Data extract |

- - - - - - -

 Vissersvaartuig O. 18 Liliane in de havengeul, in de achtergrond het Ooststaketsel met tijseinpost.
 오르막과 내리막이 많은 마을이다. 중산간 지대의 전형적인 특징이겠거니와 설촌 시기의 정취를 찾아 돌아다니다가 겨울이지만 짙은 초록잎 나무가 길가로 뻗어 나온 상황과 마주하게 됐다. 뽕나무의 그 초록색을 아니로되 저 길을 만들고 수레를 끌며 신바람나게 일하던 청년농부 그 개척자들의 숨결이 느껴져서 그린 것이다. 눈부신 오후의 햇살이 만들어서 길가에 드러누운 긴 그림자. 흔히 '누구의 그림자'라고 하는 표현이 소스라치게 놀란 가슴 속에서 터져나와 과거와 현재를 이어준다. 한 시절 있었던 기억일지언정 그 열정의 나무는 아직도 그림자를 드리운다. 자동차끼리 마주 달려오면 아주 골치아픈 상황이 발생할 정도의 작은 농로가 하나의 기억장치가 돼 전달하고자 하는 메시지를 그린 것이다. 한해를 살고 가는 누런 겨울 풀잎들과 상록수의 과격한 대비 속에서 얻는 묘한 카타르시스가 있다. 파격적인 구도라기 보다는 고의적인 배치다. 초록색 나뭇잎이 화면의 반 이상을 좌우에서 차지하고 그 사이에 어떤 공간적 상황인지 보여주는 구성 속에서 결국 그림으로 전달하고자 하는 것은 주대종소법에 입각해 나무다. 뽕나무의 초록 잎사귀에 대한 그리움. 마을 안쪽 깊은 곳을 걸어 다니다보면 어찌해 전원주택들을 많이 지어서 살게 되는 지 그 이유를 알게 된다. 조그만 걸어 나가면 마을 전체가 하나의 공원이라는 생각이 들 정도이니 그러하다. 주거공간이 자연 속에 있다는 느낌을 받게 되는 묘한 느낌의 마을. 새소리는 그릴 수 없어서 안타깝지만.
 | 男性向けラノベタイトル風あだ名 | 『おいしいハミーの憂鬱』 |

- - - - - - -

What is expected | The full listing above should be retyped without any alteration.

Task output |
 Vissersvaartuig O. 18 Liliane in de havengeul, in de achtergrond het Ooststaketsel met tijseinpost.
 오르막과 내리막이 많은 마을이다. 중산간 지대의 전형적인 특징이겠거니와 설촌 시기의 정취를 찾아 돌아다니다가 겨울이지만 짙은 초록잎 나무가 길가로 뻗어 나온 상황과 마주하게 됐다. 뽕나무의 그 초록색을 아니로되 저 길을 만들고 수레를 끌며 신바람나게 일하던 청년농부 그 개척자들의 숨결이 느껴져서 그린 것이다. 눈부신 오후의 햇살이 만들어서 길가에 드러누운 긴 그림자. 흔히 '누구의 그림자'라고 하는 표현이 소스라치게 놀란 가슴 속에서 터져나와 과거와 현재를 이어준다. 한 시절 있었던 기억일지언정 그 열정의 나무는 아직도 그림자를 드리운다. 자동차끼리 마주 달려오면 아주 골치아픈 상황이 발생할 정도의 작은 농로가 하나의 기억장치가 돼 전달하고자 하는 메시지를 그린 것이다. 한해를 살고 가는 누런 겨울 풀잎들과 상록수의 과격한 대비 속에서 얻는 묘한 카타르시스가 있다. 파격적인 구도라기 보다는 고의적인 배치다. 초록색 나뭇잎이 화면의 반 이상을 좌우에서 차지하고 그 사이에 어떤 공간적 상황인지 보여주는 구성 속에서 결국 그림으로 전달하고자 하는 것은 주대종소법에 입각해 나무다. 뽕나무의 초록 잎사귀에 대한 그리움. 마을 안쪽 깊은 곳을 걸어 다니다보면 어찌해 전원주택들을 많이 지어서 살게 되는 지 그 이유를 알게 된다. 조그만 걸어 나가면 마을 전체가 하나의 공원이라는 생각이 들 정도이니 그러하다. 주거공간이 자연 속에 있다는 느낌을 받게 되는 묘한 느낌의 마을. 새소리는 그릴 수 없어서 안타깝지만.
 | 男性向けラノベタイトル風あだ名 | 『おいしいハミーの憂鬱』 |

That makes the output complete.